Mark Murphy from JP Morgan: (55:20)
Okay. Thank you.

Khozema: (55:22)
Thanks.

Moderator: (55:24)
Your next question comes from the line of Will Power from Baird. Your line is open.

Will Power: (55:30)
Okay, great. Thanks. Yeah, I think a couple of questions for Khozema. Maybe just coming back to Q3, I think maybe the largest dollar [inaudible 00:55:38] in your history. I’m sure the answer is probably partly broad based, but anything in particular you’d call out in terms of sources of outside whether SMS, video, anything else that really was an upside surprise driver?

Will Power: (55:51)
Then the second question looking at the net expansion rate, I’m just trying to kind of dig into the key drivers of that. I mean, how much of that is increased usage of existing products versus perhaps greater migration use of the engagement cloud products from existing customers?
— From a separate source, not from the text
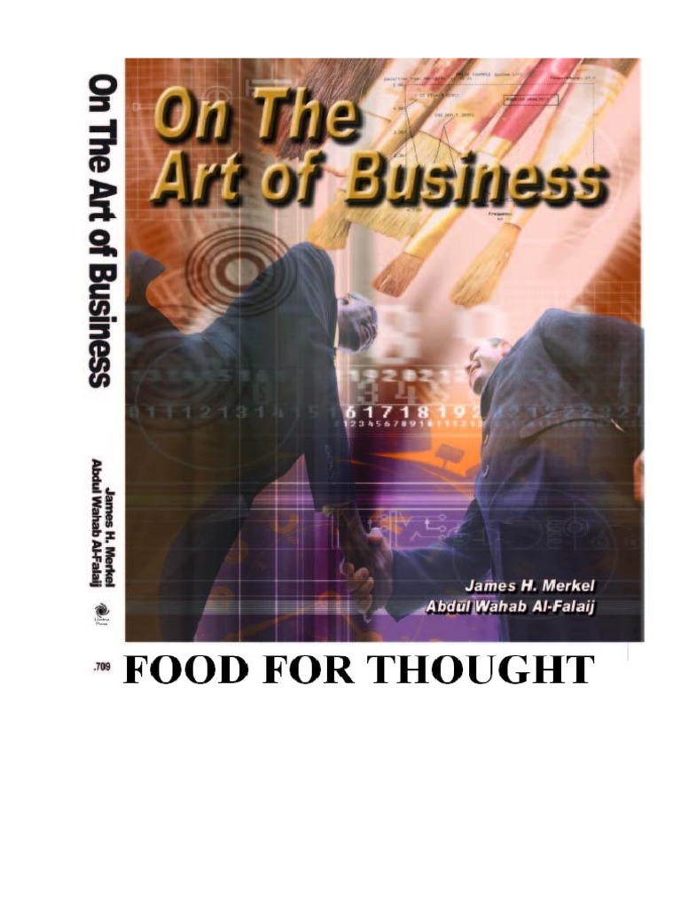 Copyright 2003 Abdul Wahab Alfalaij and James Howard Merkel THE KINGDOM OF BAHRAIN MINISTRY OF INFORMATION DIRECTORATE OF PUBLICATIONS & PRESS Ref. License of Printing & Publishing a Book Reference No. at the Author's Rights Bureau: 922/2003 Reference No. at the Directorate of Public Libraries at Ministry of Education : 3501 D.A./2002 ISBN : 99901-552-0-8 Type of Classifier : Scientific - Economic deals with principles of art of commerce and business which may lead to wealth. All rights reserved. No part of this publication may be reproduced or transmitted in any form or by any means electronic or mechanical, including photocopy, recording, or any information storage and retrieval system, without permission in writing from both the copyright owner and the publisher. Requests for permission to make copies of any part of this work should be mailed to Food For Thought Production, Permission Department, 19134 San Jose Ave., Industry, Ca 91748 ISBN 0-9754714-0-6 INTERNATIONAL FIRST Edition
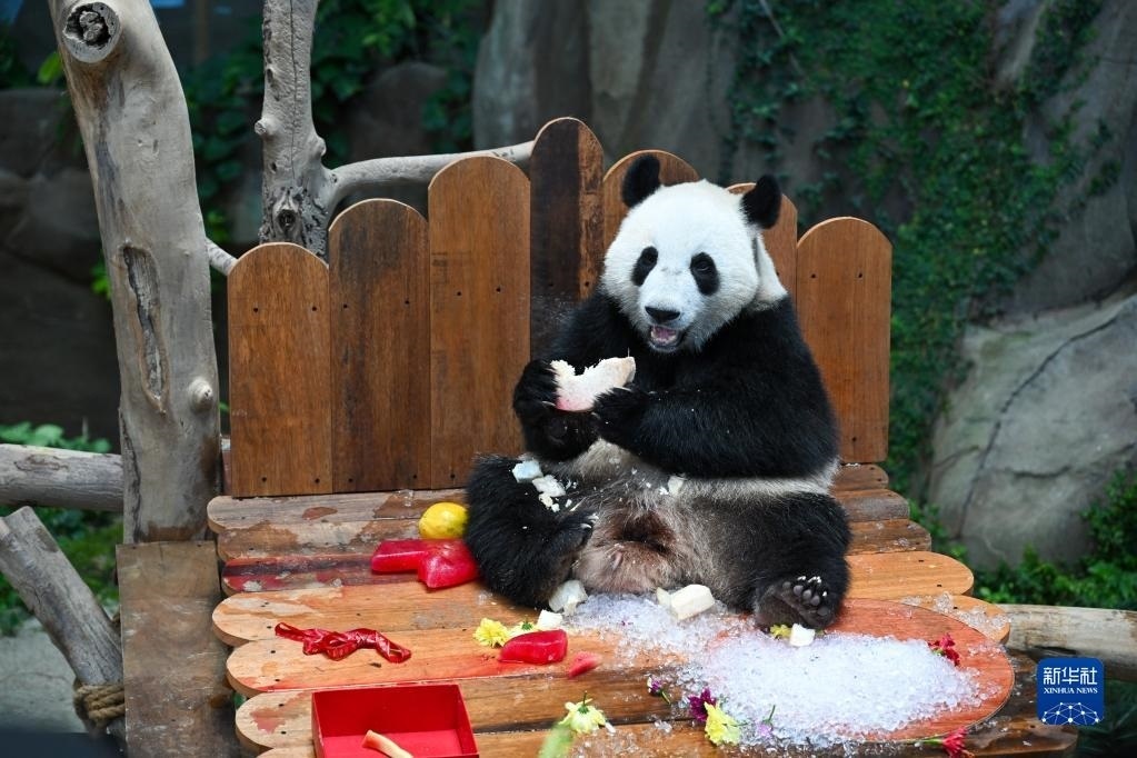 當(dāng)日,大熊貓寶寶“升誼”迎來兩歲生日,動物園為它準(zhǔn)備了特別的生日大餐,眾多民眾前往動物園為它慶生?!吧x”是中國旅馬大熊貓“興興”和“靚靚”生下的第三只寶寶,出生于2021年5月31日中馬建交47周年紀念日當(dāng)天。新華社記者 朱煒 攝

Any color you could provide on that front too?

Khozema: (56:11)
Yeah. Well, it’s a good question. You largely provided the answer in your question, but I’ll give you maybe a few additional details. So you’re right that it is kind of broad based strength across the board. We just saw a great performance all around in terms of a number of our customers, Segment’s geography products, what have you. Two of the things that we have pointed out both at our Investor Day, as well as today, we are continuing to see a re acceleration, if you will, in our messaging business. And we feel great about the additional growth that we’ve been able to drive there. Then I think the other dynamic is that I think at the Investor Day, we’re probably about a closer to a percent of revenue in terms of political. We said today that we’re closer to 2% of that 10 million bucks in terms of what we saw in Q3.

Khozema: (57:03)
Then I think the other dynamic is in terms of DBNE. That was the other part of your question. Again, we’re seeing broad-based strength. We showed you kind of a graphic during the Investor Day in terms of how does usage on new products versus existing and engagement cloud and so forth affect the dynamic and DBNE. And I wouldn’t really say anything’s changed significantly since then. So kind of a continuation of trends that we’re seeing. We feel really good about both DBNE as well as our revenue growth in the quarter.

Will Power: (57:37)
Okay. Thank you.

Khozema: (57:38)
Thanks, Will.

Moderator: (57:41)
Your last question comes from a line of [inaudible 00:57:43] from Mizuho. Your line is open.

Speaker 2: (57:48)
Thanks for taking my question. George, just want to ask about the Flex adopting the cloud contact center. Since you talked about recent partnership with SIs to build out of the box solution, I’m wondering how should we think about the penetration and now into the contact center going forward, having this out of box solution?

George: (58:11)
Well, I certainly think that we’ve always positioned Flex and differentiation around its programmability, and we believe that the combination of that plus the cloud is a very, very compelling value proposition for the market. And I think that you’ve seen during this particular situation we’re in right now that that’s accelerated the overall movement of contact center to the cloud. Certainly we are a beneficiary and we hope also a leader in that movement as well. In terms of the SI dynamic of that, the SI impact on that, certainly there are a segment of companies in the market that want the value proposition of the value of a programmable highly customized solution, but may not have the in-house development resources.

George: (58:59)
I think that’s what makes SIs and our platform model such a fantastic natural fit. I think that’s one of the things that Deloitte and other SIs that are in our build program are excited about and will allow us to meet the needs. Yes, allow us to meet the needs of a broader set of companies in the world now that can now tap into these SIs for their solutions or having to build them in-house. I do think it opens our market. I think we’re still very beginning of that. We just announced this partnership. I think it remains to be seen how much of an impact that will have, but I think over time it definitely will increase our addressable customer sat for that. I think we’re very excited.

Speaker 2: (59:43)
Thank you.

Moderator: (59:48)
Okay. Ladies and gentlemen, we’ve come to the end of our conference. Thank you for participating in today’s conference. You may now disconnect.